MICHEL MARTIN, HOST:
Qatar, a U.S. ally, is home to some Hamas political leaders. The Gulf nation played an active role in negotiating a dayslong pause in fighting that allowed the release of Israeli and foreign hostages in exchange for Palestinian prisoners. And it is still trying to get the two sides to agree to another truce.
FADEL: Joining me now from Doha is NPR's Aya Batrawy. Hi, Aya.
AYA BATRAWY, BYLINE: Hi. Good morning, Leila.
FADEL: Good morning. So tell us what you're hearing at this conference.
BATRAWY: Well, this forum is dominated by the war raging in Gaza, which is increasingly being seen as a threat to regional security and the key issue right now in the Middle East.

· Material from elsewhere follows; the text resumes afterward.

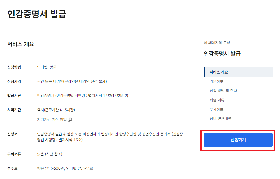 | 수수료 | 1통당 600원 | 전자민원창구(정부24)에서 발급시 무료 |

And Qatar's prime minister, Sheikh Mohammed Al Thani, he told the forum that the war is showing the size of the gap between those around the world demanding a cease-fire and those reluctant to even call for one. And Israel says this war to destroy Hamas could take another two months, but foreign ministers and others at this forum say that cannot happen. It's simply too destabilizing.
FADEL: Now, among the attendees is U.N. Secretary-General Antonio Guterres. The U.S. vetoed his appeal to the Security Council to demand an immediate humanitarian cease-fire in the war. What did he have to say?
BATRAWY: Well, he says he expects public order to break down soon in the Gaza Strip as hunger continues, Israeli bombardment and the spread of disease increases the possibility that Palestinians could be forced from Gaza into neighboring Egypt to seek refuge. And that is something Egypt vehemently opposes. Now, despite the U.S. veto, Guterres said he will not give up.
It's important to note the U.S. says it vetoed the resolution because it didn't condemn the October 7 attack by Hamas. But that vote by the Security Council on Friday really highlighted how increasingly isolated the U.S. position is becoming internationally. It was the only country to veto, with 13 countries voting in favor and the U.K. abstaining. Now, I asked the conservative chair of Britain's Foreign Affairs Committee in Parliament, Alicia Kearns, who's at the Doha Forum, if this abstention suggested a growing divergence between the U.S. and the U.K. on the war, and here's what she told me.
ALICIA KEARNS: I think there's a widening gulf when it comes to rhetoric. I'm very concerned at the lack of recognition of the fact that Israel does not have carte blanche. Occupying powers have responsibilities, and again, back to those basic laws, you know, of war about proportionality, distinction, you know, supporting civilians.
FADEL: Now, you point out that the U.S. seems to be more and more isolated. There's been a lot of frustration and anger from Arab leaders with the Biden administration's unwavering support for Israel's war. But was there any support for the Biden administration's stance on this war at the forum?
BATRAWY: Well, almost none. But one surprising advocate at this forum was Republican Senator Lindsey Graham from South Carolina, who, by the way, says he supports another Trump presidency. Now, he praised Qatar for its role in mediating during this war. He said there should be a two-state solution and insisted Hamas must be destroyed. And of course, the U.S. has provided weapons to Israel for that to happen. But he also seems to think the Biden administration can simply pick up where it left off before this war erupted and that basically Washington can still get Saudi Arabia to establish diplomatic ties with Israel and by May, essentially in the next five months.
(SOUNDBITE OF ARCHIVED RECORDING)
LINDSEY GRAHAM: I am a Republican. I pledge in front of the world to help President Biden secure the votes in the United States Senate to make it possible for Saudi Arabia to have a defense agreement with us, which would then make it possible for Saudi Arabia to recognize Israel.
BATRAWY: There were gasps in the audience at hearing this because this war is evoking a lot of emotions as people watch these images of mass displacement and the scale of the war, particularly thousands of Palestinian children killed by airstrikes. So it's not something that people in this region are likely to forget. And that is going to complicate how Arab governments interact with Israel from here on.
FADEL: That's NPR's Aya Batrawy joining us from Doha. Thank you, Aya.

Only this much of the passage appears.